### Required action
With pictures removed, print the listing exactly.

### Supplied data

----------

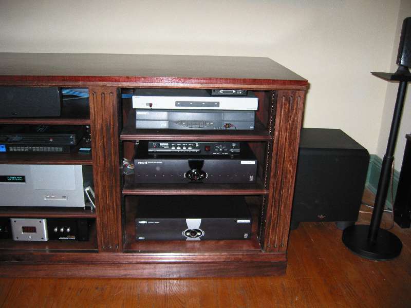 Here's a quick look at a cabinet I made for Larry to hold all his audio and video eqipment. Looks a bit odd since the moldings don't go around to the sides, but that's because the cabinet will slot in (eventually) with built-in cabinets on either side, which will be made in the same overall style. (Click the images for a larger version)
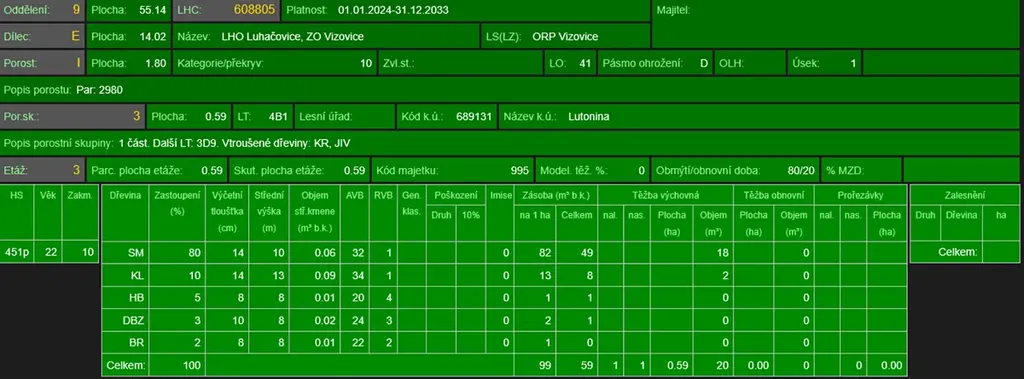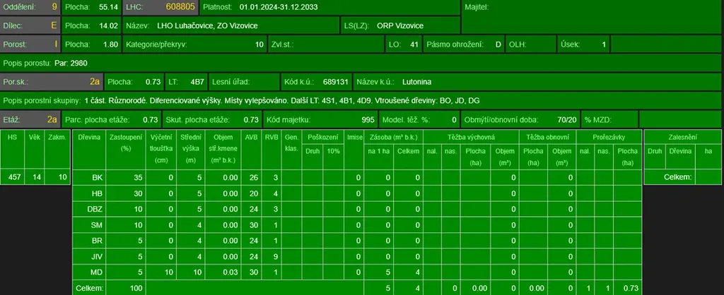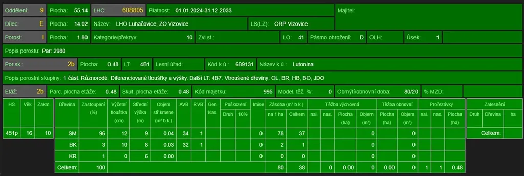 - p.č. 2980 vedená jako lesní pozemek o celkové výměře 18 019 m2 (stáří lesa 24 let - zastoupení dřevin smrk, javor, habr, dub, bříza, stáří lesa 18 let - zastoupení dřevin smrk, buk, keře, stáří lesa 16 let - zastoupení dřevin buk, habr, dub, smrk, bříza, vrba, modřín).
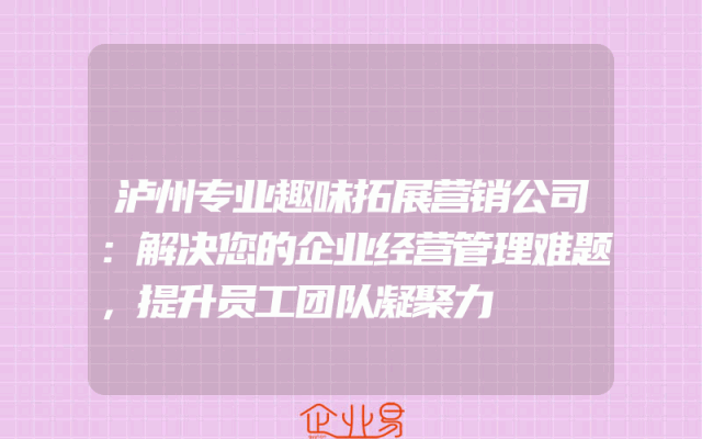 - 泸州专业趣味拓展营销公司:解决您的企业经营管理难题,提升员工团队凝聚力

----------

### Task answer
 Here's a quick look at a cabinet I made for Larry to hold all his audio and video eqipment. Looks a bit odd since the moldings don't go around to the sides, but that's because the cabinet will slot in (eventually) with built-in cabinets on either side, which will be made in the same overall style. (Click the images for a larger version)
 - p.č. 2980 vedená jako lesní pozemek o celkové výměře 18 019 m2 (stáří lesa 24 let - zastoupení dřevin smrk, javor, habr, dub, bříza, stáří lesa 18 let - zastoupení dřevin smrk, buk, keře, stáří lesa 16 let - zastoupení dřevin buk, habr, dub, smrk, bříza, vrba, modřín).
 - 泸州专业趣味拓展营销公司:解决您的企业经营管理难题,提升员工团队凝聚力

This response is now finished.